01:55:54.600 Not only does it achieve the same loss, but as I mentioned, these are identical models,
01:55:59.800 and this W is the log counts of what we've estimated before. But we came to this answer in a very
01:56:06.440 different way, and it's got a very different interpretation. But fundamentally, this is basically
01:56:10.680 the same model and gives the same samples here. And so that's kind of cool. Okay, so we've actually
01:56:16.440 covered a lot of ground. We introduced the Bagram character level language model. We saw how we can
01:56:23.000 train the model, how we can sample from the model, and how we can evaluate the quality of the model
01:56:27.800 using the negative log likelihood loss. And then we actually trained the model in two completely
01:56:32.440 different ways that actually get the same result and the same model. In the first way, we just
01:56:37.960 counted up the frequency of all the Bagrams and normalized. In a second way, we used the
01:56:43.880 negative log likelihood loss as a guide to optimizing the counts matrix, or the counts array,
01:56:51.800 so that the loss is minimized in the in a gradient based framework. And we saw that both of them
01:56:56.760 give the same result. And that's it. Now the second one of these, the gradient based framework,
01:57:03.400 is much more flexible. And right now, our neural net perk is super simple. We're taking a single
01:57:08.840 previous character, and we're taking it through a single linear layer to calculate the logits.
01:57:13.320 This is about to complexify.
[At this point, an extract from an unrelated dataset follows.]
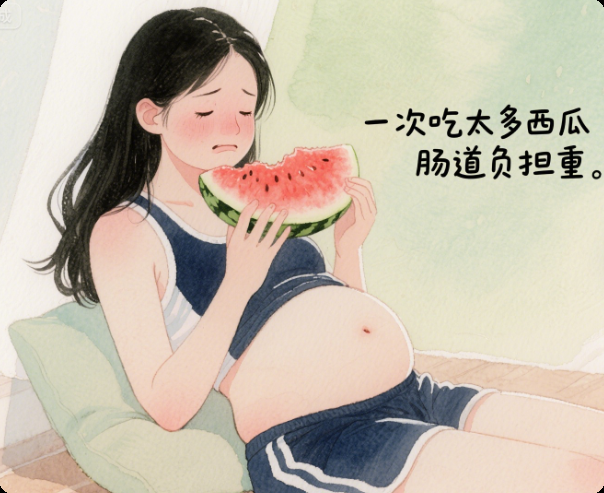西瓜含水量高达 90%,过量吃会让胃和肠道 “负担过重”。

So in the follow up videos, we're going to be taking more and more
01:57:18.840 of these characters. And we're going to be feeding them into a neural net. But this neural net will
01:57:23.720 still output the exact same thing, the neural net will output logits. And these logits will still be
01:57:29.240 normalized in the exact same way, and all the loss and everything else in the gradient based
01:57:33.320 framework, everything stays identical. It's just that this neural net will now complexify all the way
01:57:38.920 to transformers. So that's going to be pretty awesome. And I'm looking forward to it for now. Bye.